If time’s short and all you can spare is a single day, point the car east and head for Red Lodge. Be sure to get an early start: it’s about a 2.5-hour drive. On the way out of town, stop by Jam for coffee and a breakfast sandwich. You’ll need both kinds of fuel for the driving and the skiing. Hop on I-90 and in just over 100 miles, get off at Columbus, where you’ll hook up with Hwy. 212 to Red Lodge. Before making your way up to the mountain, stop in town to grab a pack lunch. Just off the main drag, the Regis Café has snacks, sandwiches, and wraps, all made with local ingredients whenever possible. Try some of their straight-from-the-oven baked goods to satisfy your sweet tooth.
At the mountain, warm up on the Miami Beach chair before heading up to higher elevations. Red Lodge has over 1,600 acres of skiable terrain accessed by six lifts, so there’s something for everyone in your group. With 2,400 feet of vert, expect to be challenged. The runs off Nicholas Peak (9,390 ft.) provide the most challenging terrain and can be lapped all day.
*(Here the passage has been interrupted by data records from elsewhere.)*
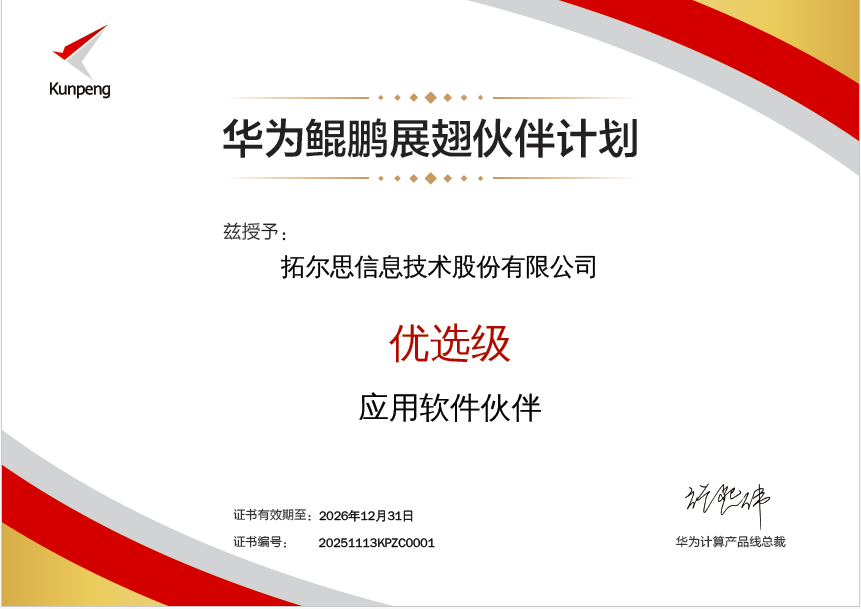 拓尔思加入华为鲲鹏展翅伙伴计划,不仅是对其技术实力和解决方案的高度认可,也反映出双方在共建计算生态、推动国产化技术落地方面的共识与决心。拓尔思将持续深化与华为的战略协同,依托鲲鹏深厚的技术资源积累、强大的数据底座能力,展开更加系统化、深层次的合作,共同拓展鲲鹏产业生态的边界与价值。
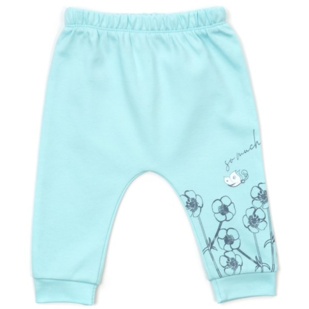 Штанці світлого кольору м'яти, з низькою посадкою під підгузок, на еластичному поясі з гумкою всередині.
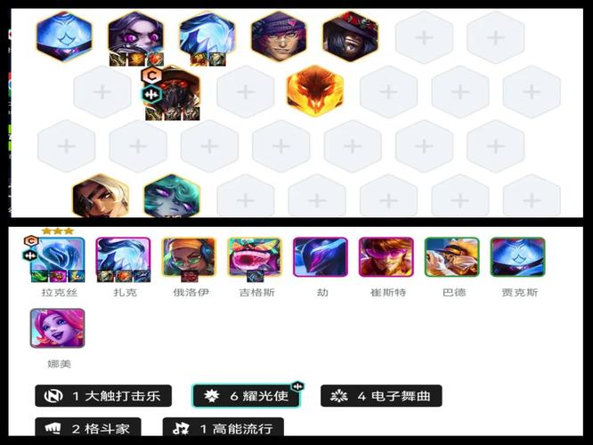 〖Three〗、金铲铲之战s10爵士女枪95阵容的搭配方法如下:阵容构成 所需弈子:厄运小姐、俄洛伊、艾克、崔斯特、布里茨、卢锡安、古拉加斯、璐璐、巴德。组成羁绊:4爵士乐、3迪斯科、3法师、2耀光使、2秘书护卫、2格斗家、1大触打击乐。
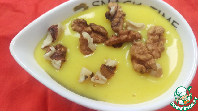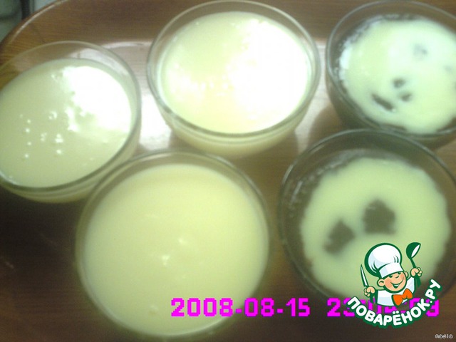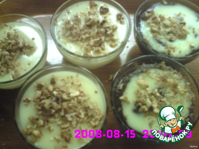 Разливаем по вазочкам, посыпаем орехами. Остывший кастар ставим в холодильник, для охлаждения.
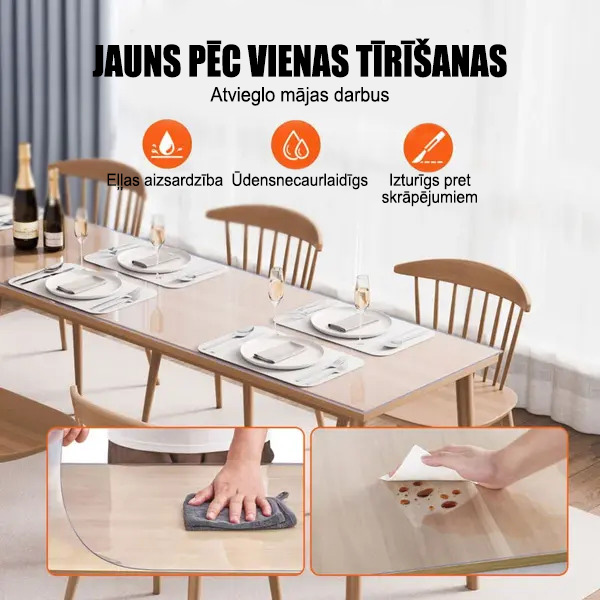 Atjauniniet savu ēdamistabas telpu ar mūsu augstākās kvalitātes PVC galda pārklāju. Tas ir izstrādāts, lai saglabātu jūsu galdu nevainojamā stāvoklī, piedāvājot izcilu aizsardzību pret skrāpējumiem, izšļakstījumiem un citiem bojājumiem.
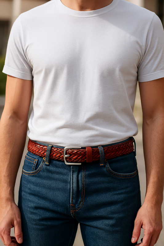 Omax Tan Genuine Leather Premium Braided Belts for men BLTBTL025
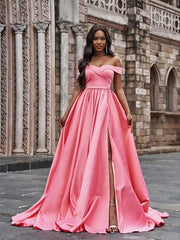 A-Line Princess Satin Sleeveless Ruffles Off-the-Shoulder Court Train Dresses
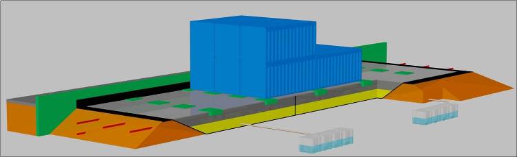 Die Mindener Hafen GmbH plant den Neubau eines Containerhafens östlich von Minden. Beim Neubau des Hafens soll die Flächenversiegelung weitgehend eingeschränkt werden. Es wurde ein Versuchsfeld mit einer Grundfläche von ca. 500 m² angelegt. Die Stellfläche bietet Platz für 12 Container und besteht aus einer Schottertragschicht, die auf den anstehenden Kiessanden aufgeschüttet wurde. Die Container stehen auf 1,60 x 1,60 m großen Betonfundamenten. Das Versuchsfeld dient zur Dokumentation der Versickerung bzw. der Wasserbilanz und zur Erprobung verschiedener Ausführungen der Tragschicht und der Abstellpunkte für die Container.

There’s no shortage of fun on the double-diamond steeps or the thinned glades. Catch this zone on a powder day, and you’ll consider moving to town permanently. Like most Montana ski areas, crowds are non-existent, so take your time and sample all of Red Lodge’s bounty, including some of the long groomers off the Grizzly Peak Chair.
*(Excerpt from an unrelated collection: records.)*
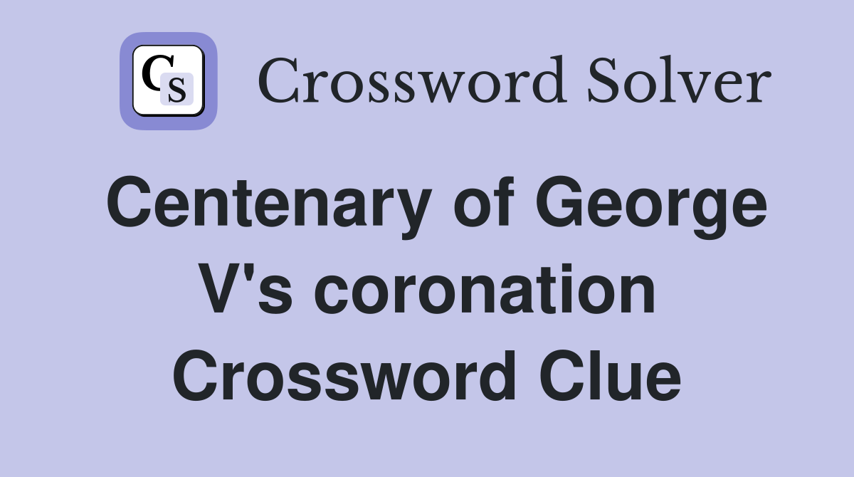 Centenary of George V #39 s coronation Crossword Clue Answers Crossword
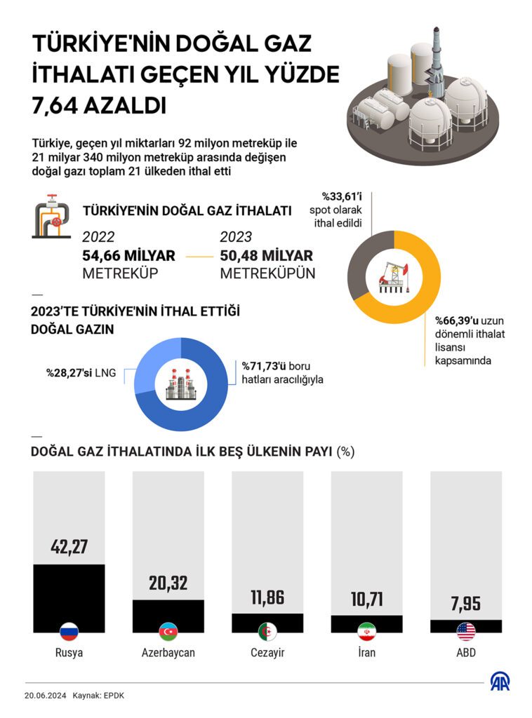 Türkiye'nin geçen yıl ithal ettiği 50,48 milyar metreküp doğal gazın yüzde 71,73'üne denk gelen 36,21 milyar metreküpü boru hatları aracılığıyla satın alınırken, yüzde 28,27'ye denk gelen 14,27 milyar metreküp kısmı LNG olarak satın alındı. Türkiye, doğal gaz ithalatını 21 farklı ülkeden gerçekleştirdi.
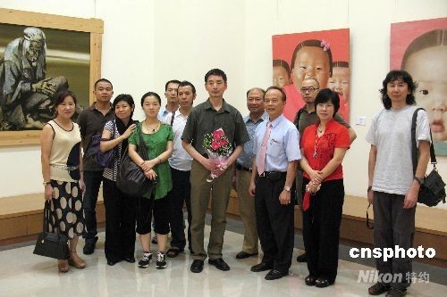 由中央美術(shù)學(xué)院協(xié)辦的“同道——中央美術(shù)學(xué)院教授聯(lián)展”七月十九日下午在臺北桃園長流美術(shù)館舉行酒會(huì),慶祝展覽。參展畫家包括靳尚誼、王沂東、高天雄、袁元、曹吉?jiǎng)偂⒂嚓、葉南、王少倫、賀羽、康蕾、陸亮、孫韜、孫遜共十三位,展出作品約一百一十件,代表了大陸當(dāng)代油畫的多元特色。圖為在長流美術(shù)館的展室內(nèi)的部分參展畫家。 中新社發(fā) 徐長安 攝
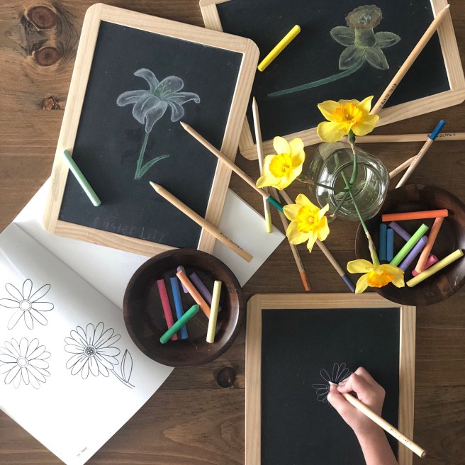 This is just another alternative to the dry erase boards. We use them for writing, spelling, math, and drawing. We primarily use Crayola chalk and these slate chalk pencils. I also love these colored chalk pencils and this chalk marker.

Once you’ve put in the hours on the slopes, pile back in the car and down to town. Red Lodge Ales Brewing Company, right on North Broadway on your way out of town, has the brews and the grub to fit any appetite. Fill up on sandwiches, finger-foods, and an array of seasonal beers. If you’re still full from lunch, skip the brewery and take the slightly longer route through Roscoe along Hwy. 78. Stop in Roscoe for a monster burger or steak at Grizzly Bar & Grill. They’ll make one pretty much any way you’d like, but the Blue is especially delicious, piled high with bacon, caramelized onions, and blue-cheese crumbles. Wash it all down with a cocktail or glass of wine from their full bar. Better yet, hold off on the booze until you’ve made it back to Columbus, where the New Atlas Bar is not to be missed. This place screams Montana, with its collection of taxidermy, a stocked jukebox, and spacious environs. Shoot some pool, sip a beer, reflect on the day, and remember to pace yourself: you still have the drive home.
From Columbus to Bozeman is an easy straight shot west on I-90, but with winter weather, you can never be too careful. Give yourself time and grab a coffee before getting back on the highway. Once back in town, check Red Lodge off the list and get started planning your next out-of-town ski adventure.